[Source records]

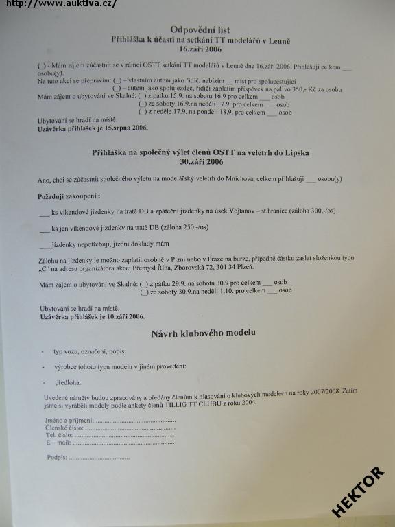 Černobílý jednostranný odpovědní list členů OSTT na účast členů Tillig TT Clubu v Leuně v roce 2006 + veletrhu v Lipsku + návrh clubového modelu pro české členy Tillig TT Clubu na roky 2007/2008. Nový nepoužitý. Cena je za 1 kus.
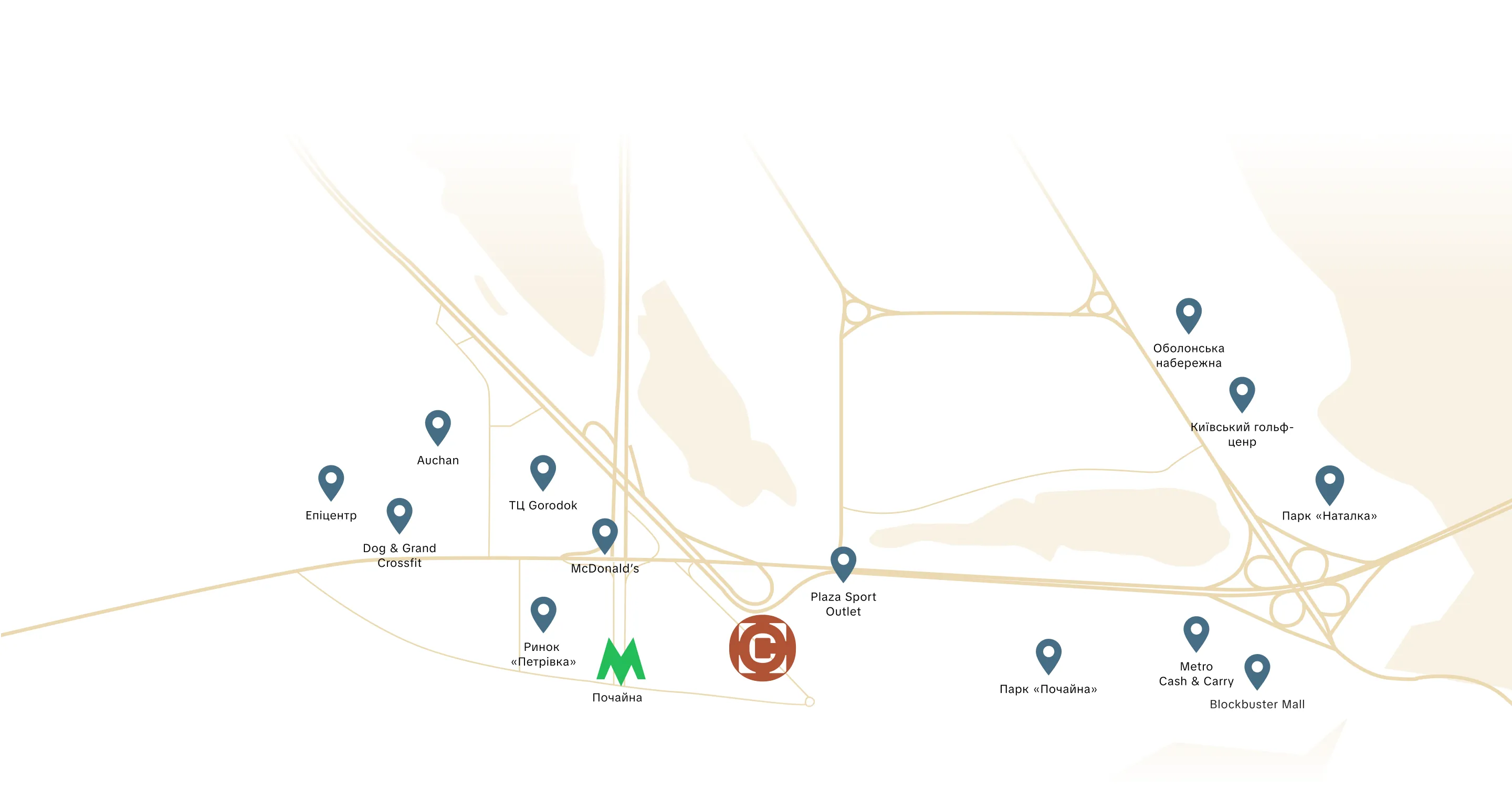 - ти біля станції метро «Почайна»;
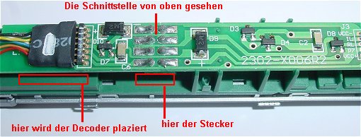 Nochmals zur Verdeutlichung der Anschluß an einem HO Decoder welcher von den Ausmaßen leider nicht hinein passt.
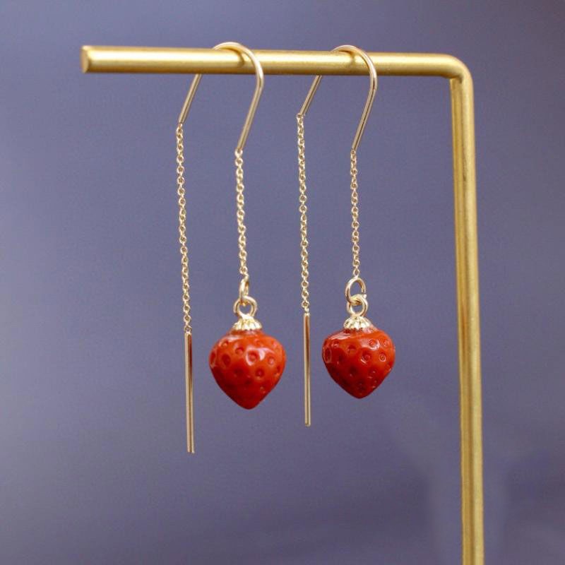 小草莓18K金镶天然南红耳环高级感个性长款耳坠钩气质女耳饰耳钉
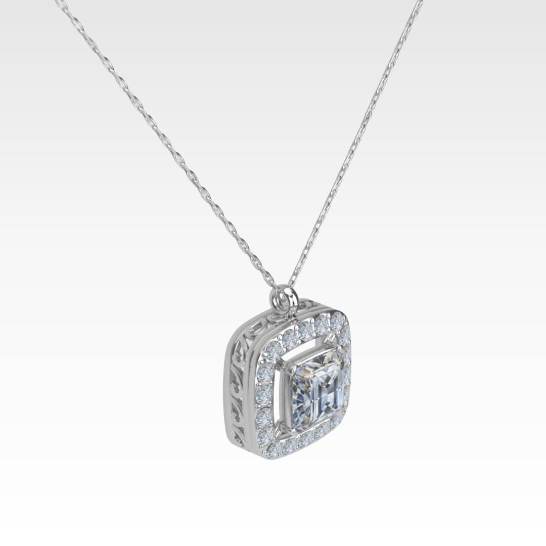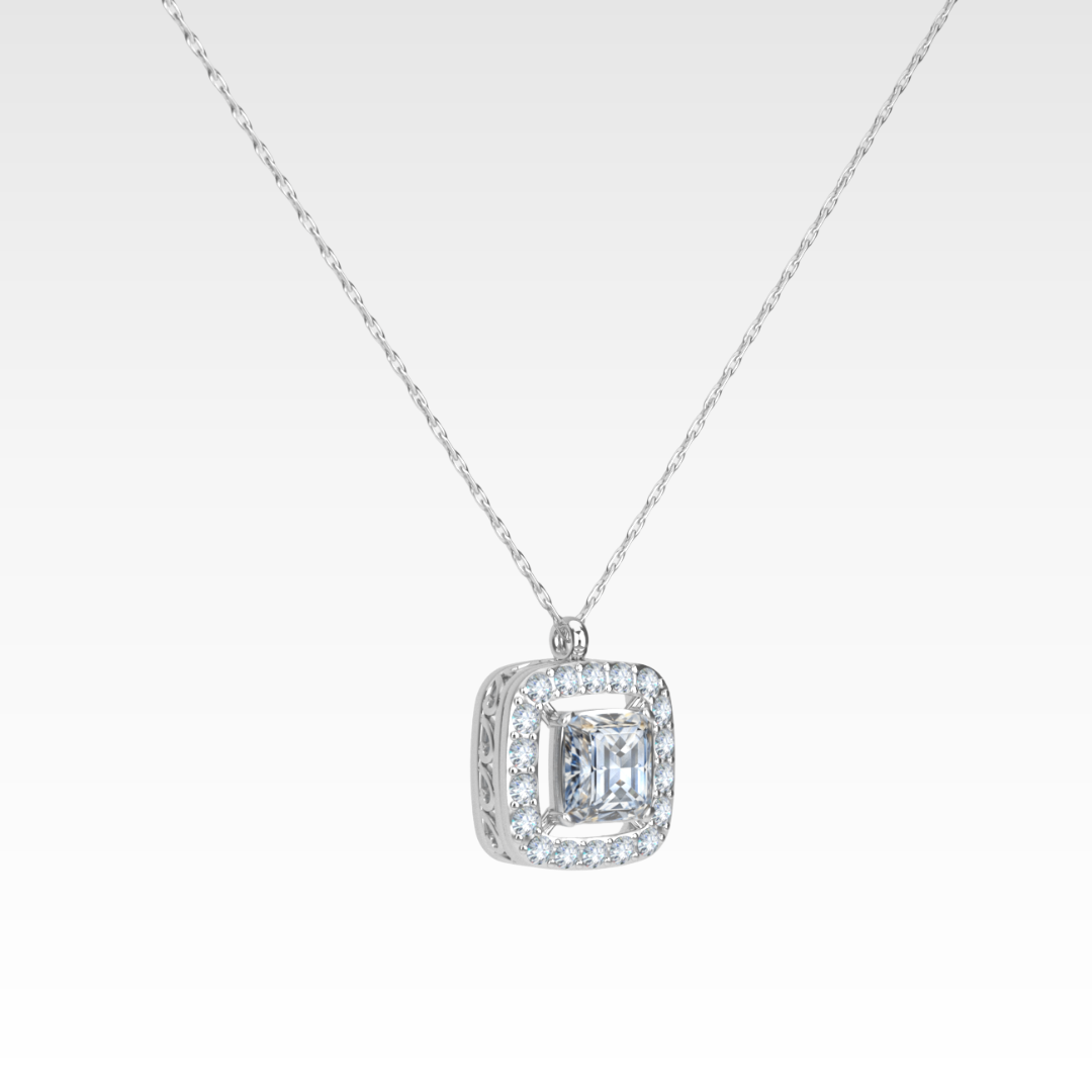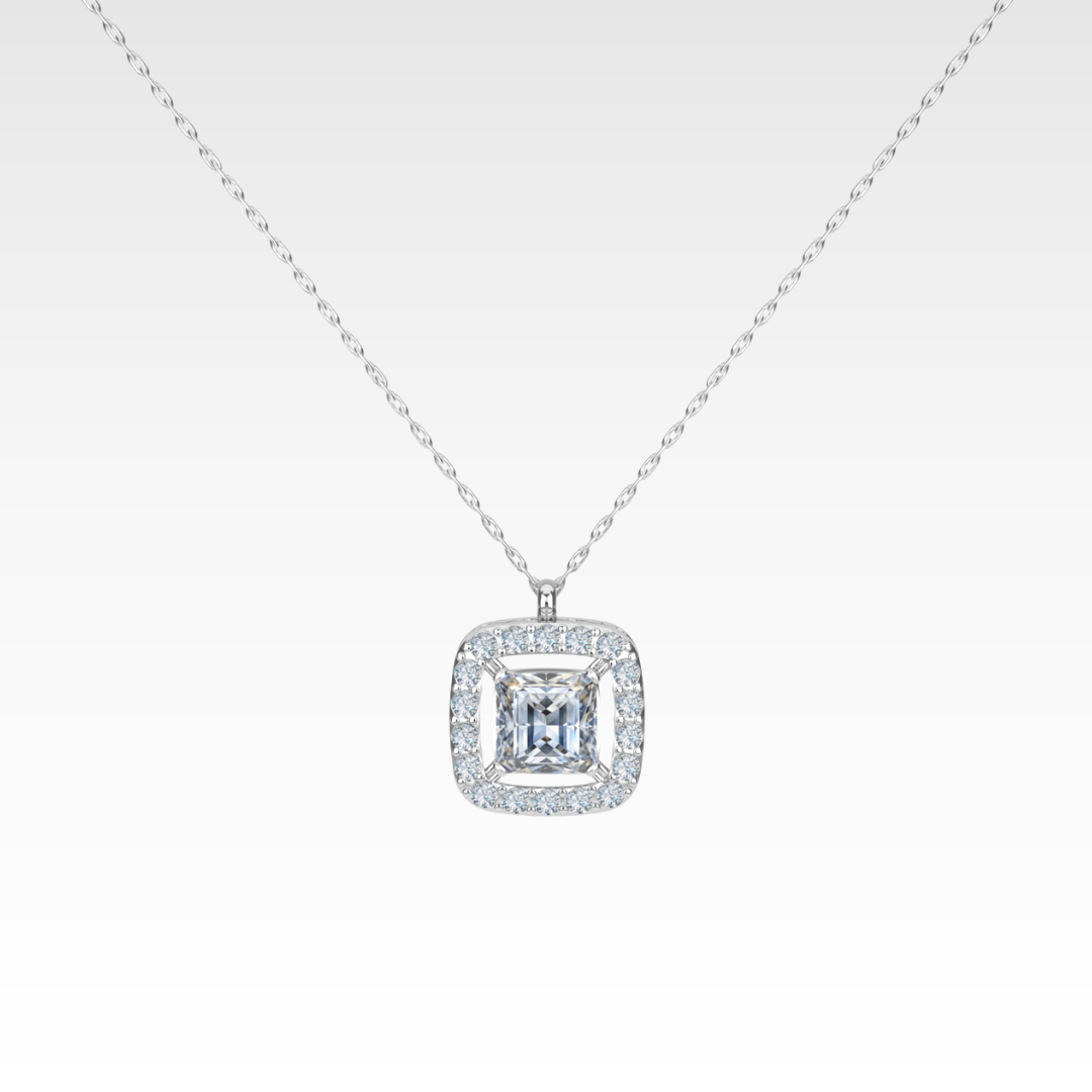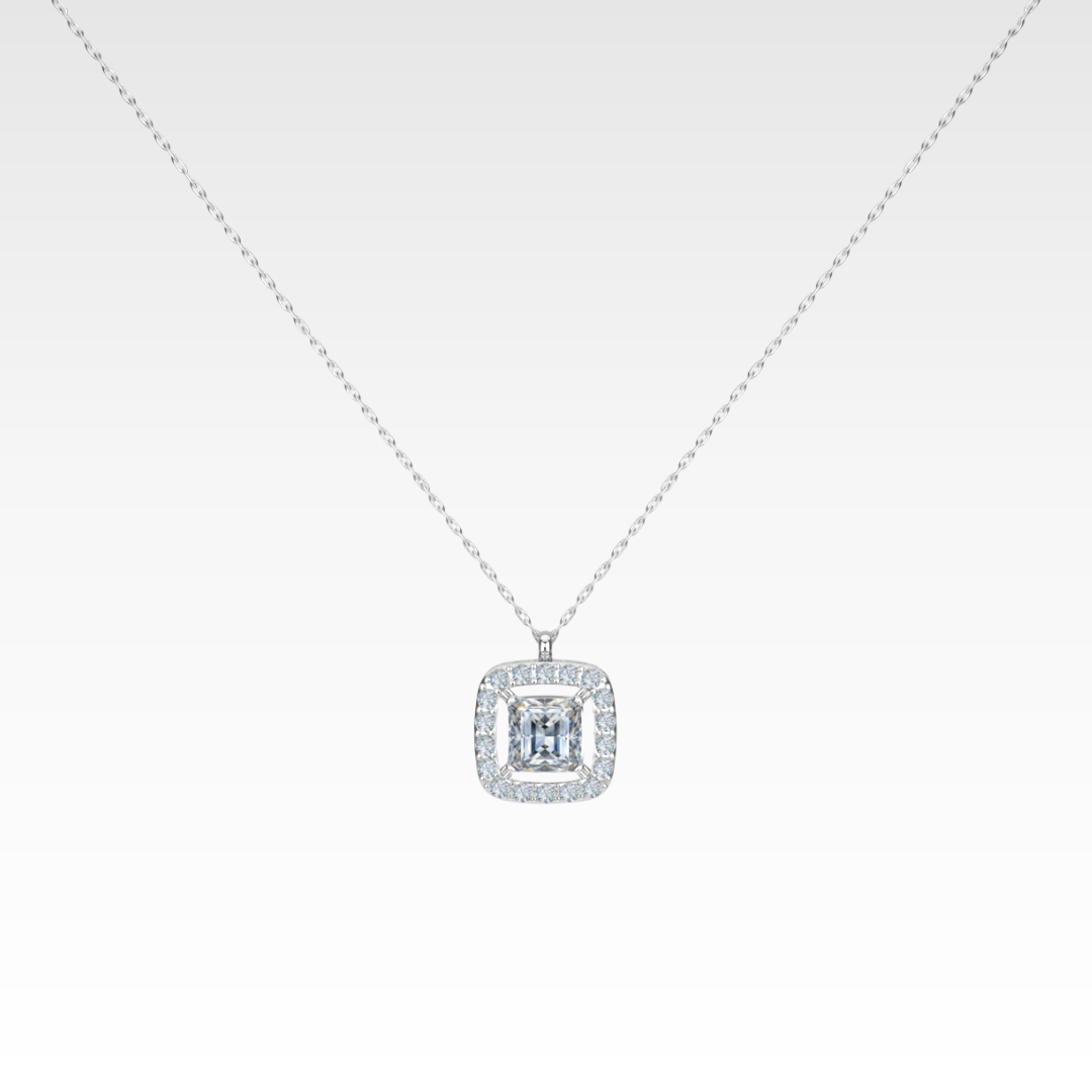 At its heart lies a radiant white stone centerpiece, cut with precision to capture light from every angle, and framed by a dazzling halo of smaller stones for added brilliance. The square halo design evokes a sense of heritage and sophistication — a modern tribute to classic fine jewelry.

- TASK: This calls for each record above to be set down exactly, with the images skipped.

- ANSWER BOX:
 Černobílý jednostranný odpovědní list členů OSTT na účast členů Tillig TT Clubu v Leuně v roce 2006 + veletrhu v Lipsku + návrh clubového modelu pro české členy Tillig TT Clubu na roky 2007/2008. Nový nepoužitý. Cena je za 1 kus.
 - ти біля станції метро «Почайна»;
 Nochmals zur Verdeutlichung der Anschluß an einem HO Decoder welcher von den Ausmaßen leider nicht hinein passt.
 小草莓18K金镶天然南红耳环高级感个性长款耳坠钩气质女耳饰耳钉
 At its heart lies a radiant white stone centerpiece, cut with precision to capture light from every angle, and framed by a dazzling halo of smaller stones for added brilliance. The square halo design evokes a sense of heritage and sophistication — a modern tribute to classic fine jewelry.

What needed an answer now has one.